El país de los negocios

Es importante que el nuevo gobierno del Zulia atienda el tema del contrabando de alimentos, gasolina y materiales de construcción hacia Colombia. Es evidente que hay que tocar los tentáculos internos que se mueven en este juego de intereses tanto en la comercialización de artículos subsidiados y regulados como en la salida de gasolina de PDVSA. Hay que ubicar a los cómplices en las cadenas de comercialización que permiten que individuos se lucren con las penurias del pueblo, pero también los cómplices en PDVSA, MERCAL, PDVAL y las empresas privadas que negocian con agentes externos los rubros para luego trasladarlos a Colombia.

Pero eso no es todo, hay que acabar con la cadena de especulación en la región no es posible que debamos pagar en los mercados de minoristas de la región harina a 20 bs, azúcar a 15, arroz a 20 bs, aceite a 25 bs, pollo a 35 bs, carne 55 bs por que es imposible ubicarlos a precios regulados. De dónde sale toda esa mercancía que se expende en estos lugares sin ningún control por parte de los organismos encargados del gobierno. Parece que el desabastecimiento es un espejismo producido desde los medios de comunicación que propician el acaparamiento y la especulación. Solo basta ir al Mercado Las Pulgas de Maracaibo y maravillarse con todos los productos de la dieta diaria presentes por cantidades ingentes, pero eso si, a precios exorbitantes. ¿Y entonces a qué se debe la escasez? 1) A una campaña desde las empresas comercializadoras promocionada desde los medios de comunicación 2) al contrabando inescrupuloso hacia el vecino país, y 3) a las mafias de especuladores.

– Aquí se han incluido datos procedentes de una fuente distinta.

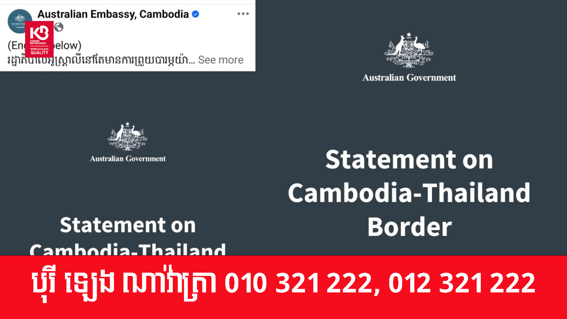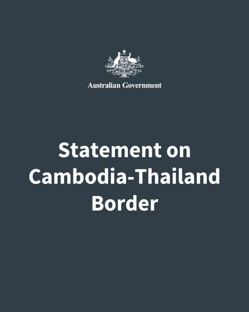 ស្ថានទូតអូស្រ្តាលីប្រចាំប្រទេសកម្ពុជា បានលើកឡើងថា រដ្ឋាភិបាលអូស្ត្រាលីនៅតែមានការព្រួយបារម្ភយ៉ាងខ្លាំងចំពោះការប៉ះទង្គិចយោធារវាងកម្ពុជានិងថៃ ដែលកំពុងបន្តកើតឡើង រួមទាំងការកើនឡើងយ៉ាងឆាប់រហ័សនៃទំហំនិងភាពតានតឹងនៃជម្លោះ ការប្រើប្រាស់អាវុធបំផ្លិចបំផ្លាញធុនធ្ងន់ និងផលប៉ះពាល់ផ្នែកមនុស្សធម៌ដែលកំពុងកើនឡើងចំពោះភាគីទាំងពីរ។

Lo de la gasolina es peor en todos los pueblos de la frontera Colombiana se observa la venta de gasolina venezolana como algo normal, se expende sin ningún control y con la anuencia de las autoridades colombianas. ¿La pregunta es cómo llega tanta gasolina de contrabando a Colombia? ¿Cómo pasa por los puestos de control policial? ¿Cómo la obtienen los contrabandistas? Esta situación amerita una investigación exhaustiva por parte del gobierno nacional y regional que ha sido postergada en los últimos años y que le ha hecho un daño enorme a la economía del país. Ahora no hay escusa, tenemos un gobierno revolucionario en el Zulia que debe trabajar mancomunadamente con los organismos nacionales para erradicar estas practicas lascivas para el buen vivir de los zulianos. No podemos seguir esperando unas políticas acertadas para minimizar estas acciones desestabilizadoras en la región. Urge voluntad política para avanzar en el proceso de transformaciones que necesita el país y anular esa perspectiva que todo es un negocio del cual hay que obtener el máximo de ganancias sin importar el costo social.

*Docente e investigador/Universidad del Zulia. Coordinador de la Licenciatura en Antropología.